Even though TVA has shuttered half of the coal plants it once operated and is looking at closing two more coal plants, the lawsuit claims the new rates could discourage energy conservation and thereby could lead TVA to keep more of its older fossil plants in operation.

"TVA continues to lose its leadership position on renewable energy and energy efficiency," said Daniel Tait, technical director for Energy Alabama.. "TVA's rate changes are about one thing and one thing only - killing energy efficiency and renewable energy to protect its monopoly stranglehold on regular folks."

When the TVA board approved the grid access fee in May, TVA President Bill Johnson said the change "will move a small amount of cost out of the variable category in each bill and put the same amount in the category for fixed costs so this is not a rate increase."

TVA is making the change in pricing as energy-efficient technology like LED lights bulbs and self-generated power from solar panels and windmills are already reducing consumption of TVA-generated electricity. But while power sales decline, the utility must still maintain more than 16,000 miles of transmission lines and generating capacity to meet power demand when the sun doesn't shine or the wind doesn't blow.

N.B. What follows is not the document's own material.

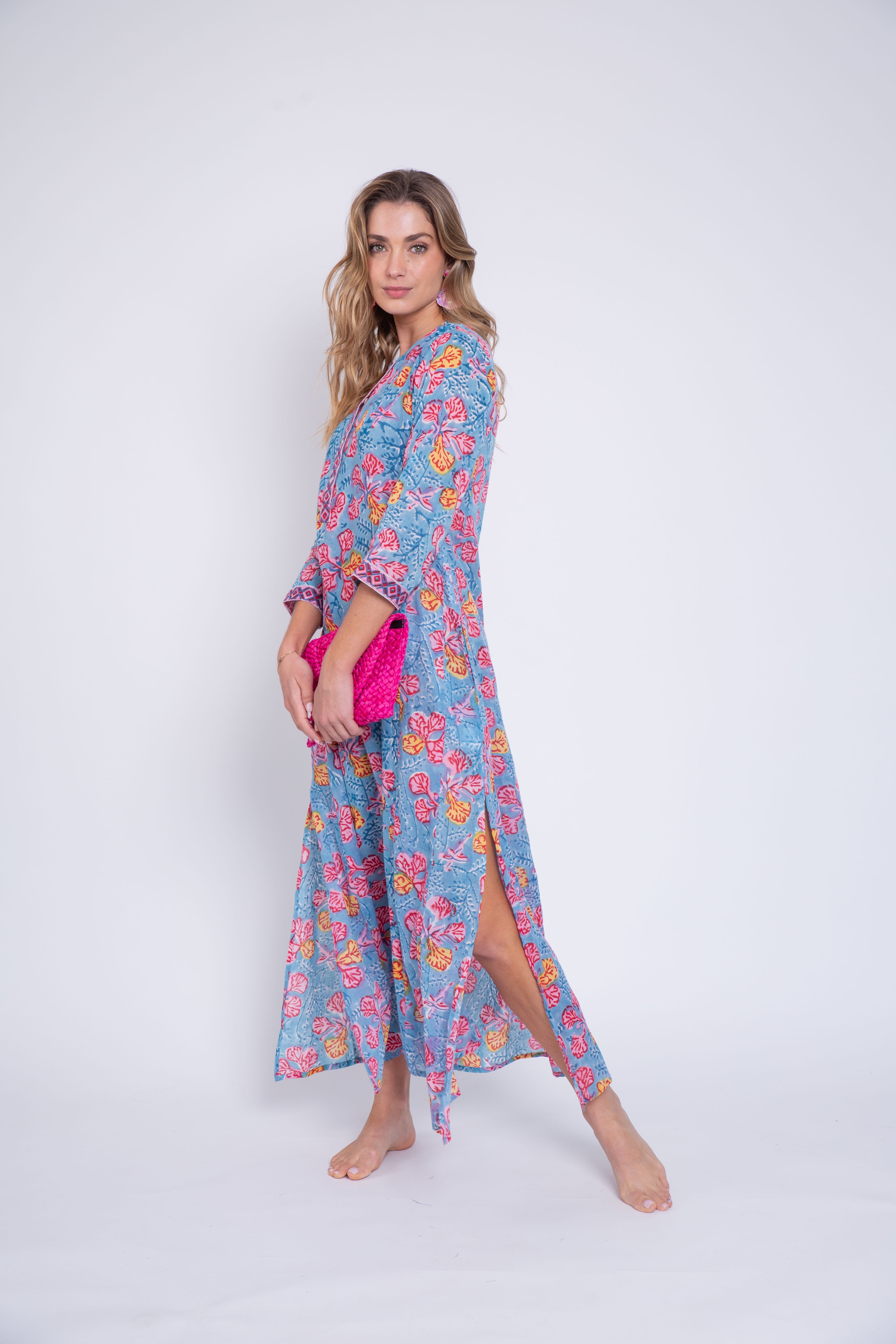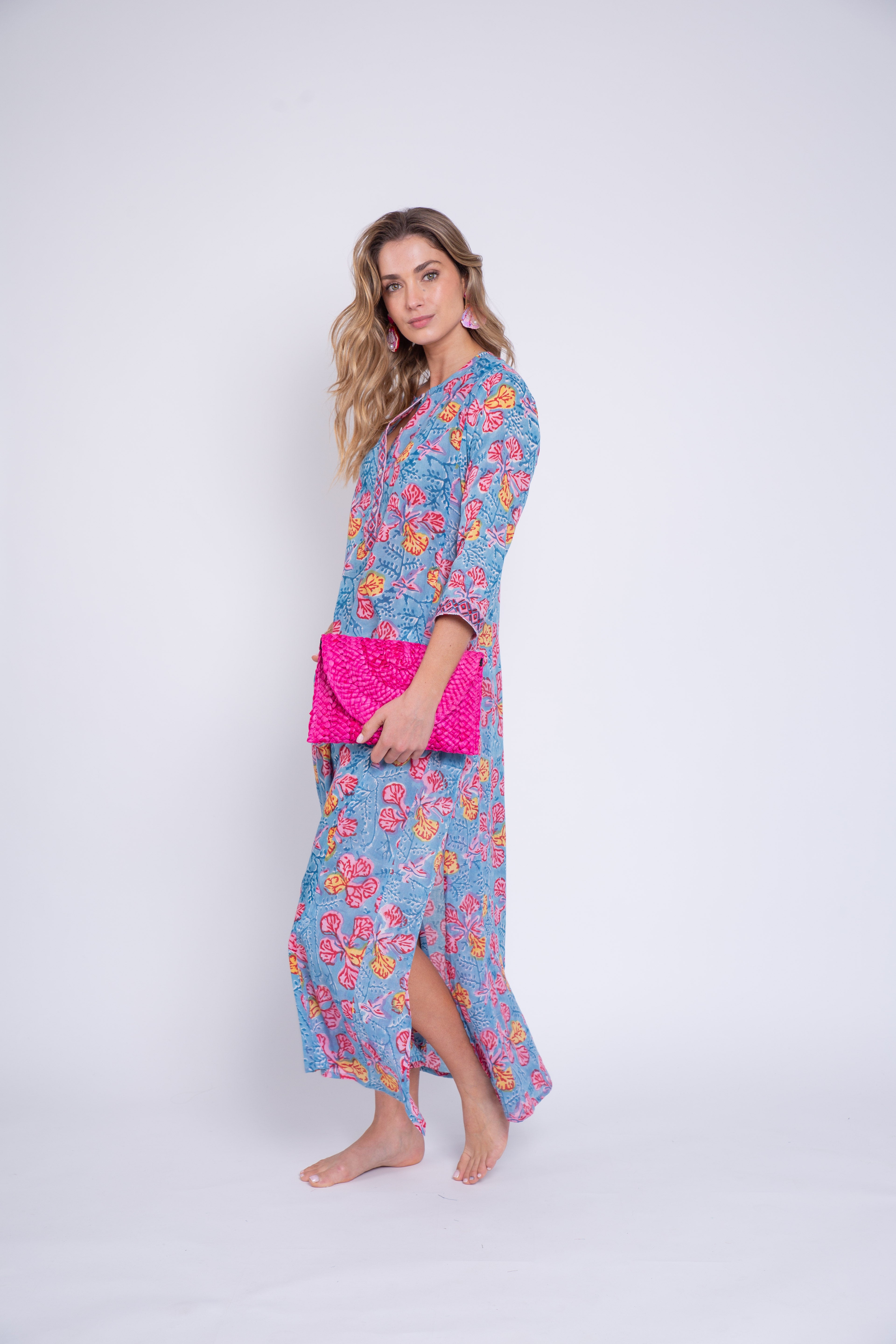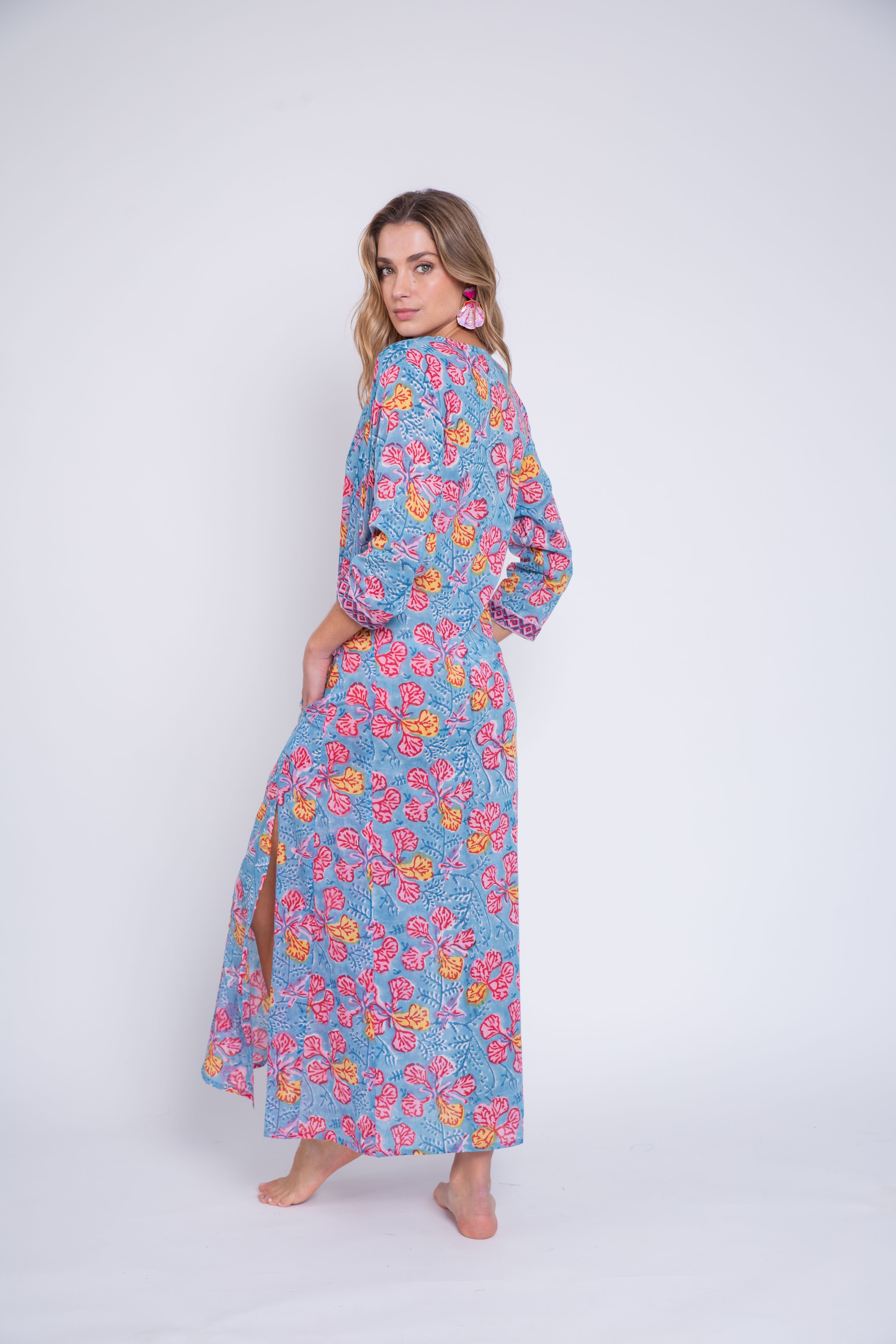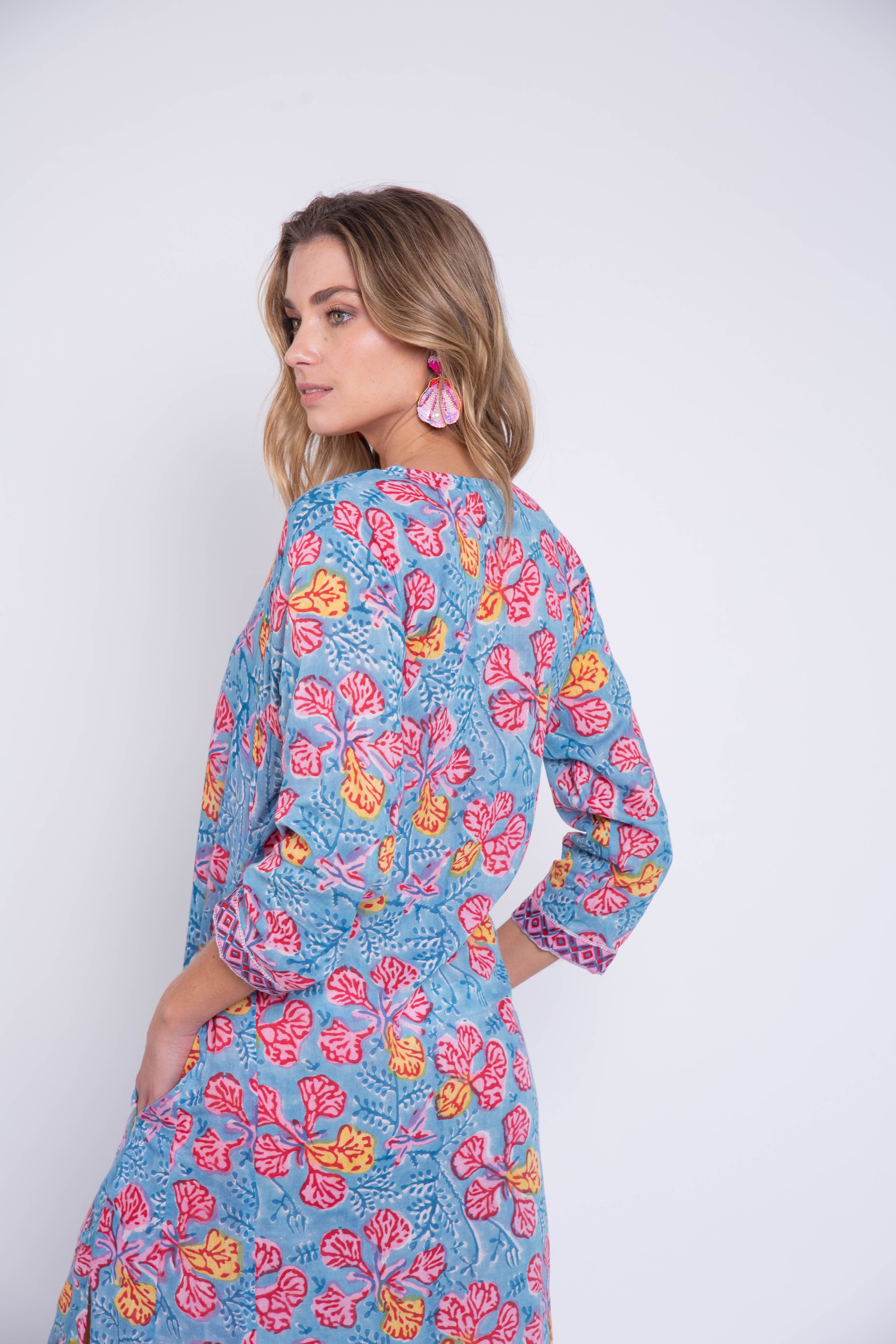 Túnica 100% algodón Indio estampado a mano con bloques de madera.

"Some consumers, particularly the more able ones, can invest n some solar panels or other resources, but they still rely on the valley-wide transmission system for backup power," Johnson said. "The result is how we bill for electricity can be out of sync with the actual costs of getting electricity to some consumers."

TVA residential electric rates are still among the lowest 25 percent of America's 100 biggest electric utilities and TVA's industrial rates are among the cheapest 10 percent in the country, according to Department of Energy data.

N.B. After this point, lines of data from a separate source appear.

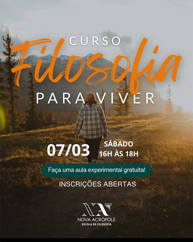A aula aberta integra a programação de início de semestre e marca também a abertura das inscrições para a nova turma do curso Filosofia para Viver, que terá início no dia 7 de março, com encontros semanais aos sábados, das 16h às 18h.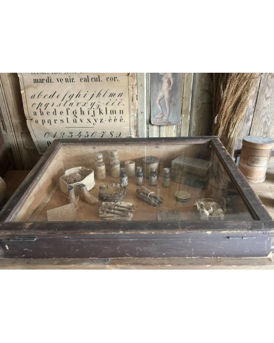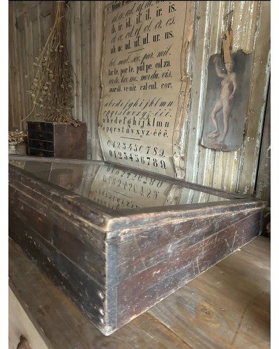 Réalisée en bois (sapin) et dotée d’un couvercle vitré ouvrant, elle était à l’origine destinée à exposer avec soin de petits objets précieux, marchandises fines ou curiosités.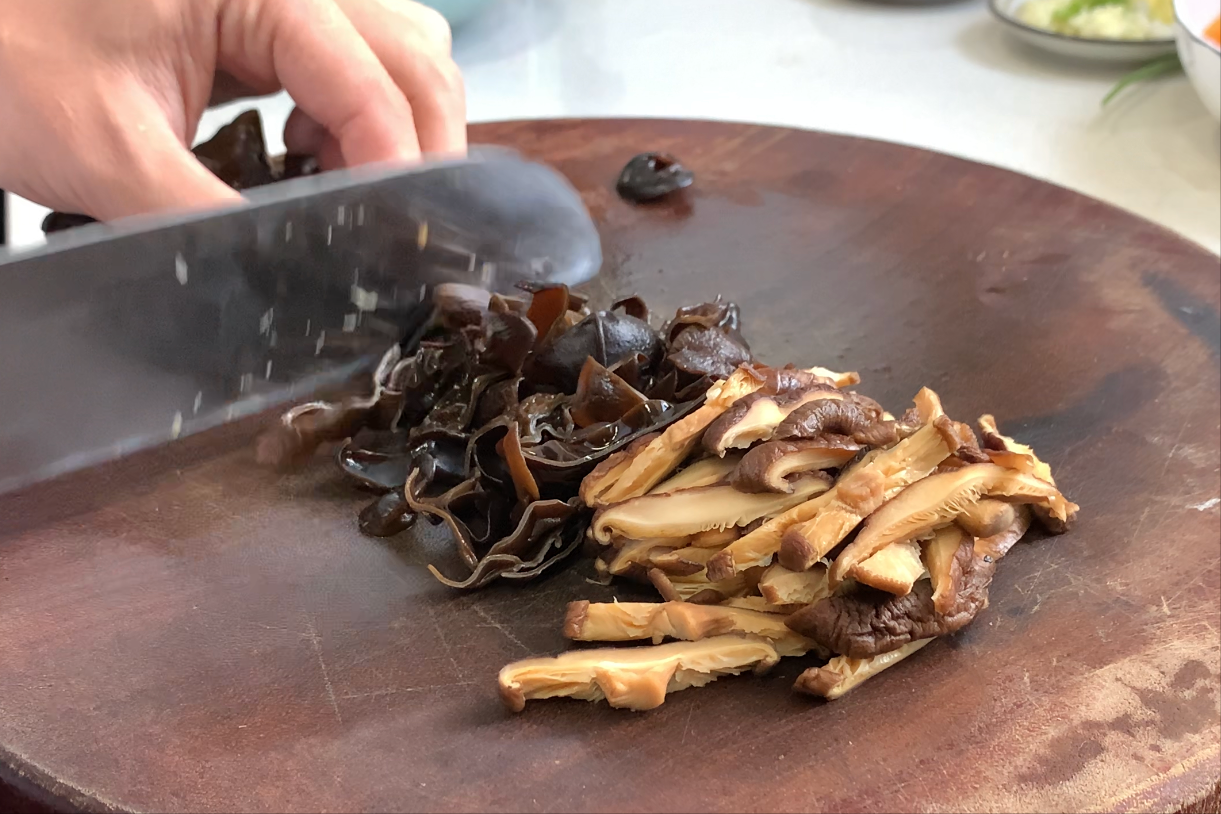 步驟2:香菇和木耳泡發,然後切絲備用。

While TVA's new grid access fee has led to higher fixed rate charges by a number of local power companies in the Tennessee Valley, EPB opted not to impose a grid access fee for the 2019 fiscal year.

TVA also helps local distributors with its Energy Right program that performs free energy audits to improve energy efficiency. TVA also has supported a number of pilot solar energy programs, including EPB's Solar Share program in Chattanooga.

But environmental groups complain that TVA is doing less than electric utilities in Georgia and North Carolina to promote renewable energy and TVA has cut what it spends to help its customers install energy efficient furnaces, appliances and insulation.

Because of the climate, heavy dependence upon electricity and cheaper and less energy efficient housing in the Tennessee Valley, per capita consumption of electricity in TVA's 7-state region remains higher than the national average, pushing up power bills even with lower average rates.

"TVA is trying to mislead people by talking about their 'low rates.' But energy consumers don't pay rates, they pay bills, which are calculated as a rate times consumption plus fixed fees," said Stephen Smith, executive director for the Southern Alliance for Clean Energy. "Customers in the TVA service territory have some of the highest bills in the United States. The devious 'grid access charge' will only accelerate the high-bills problem by increasing fixed fees and stifling efforts to control electric consumption by families and small businesses, leading to higher costs and more pollution. This legal action seeks to educate people about what is happening to them each and every month."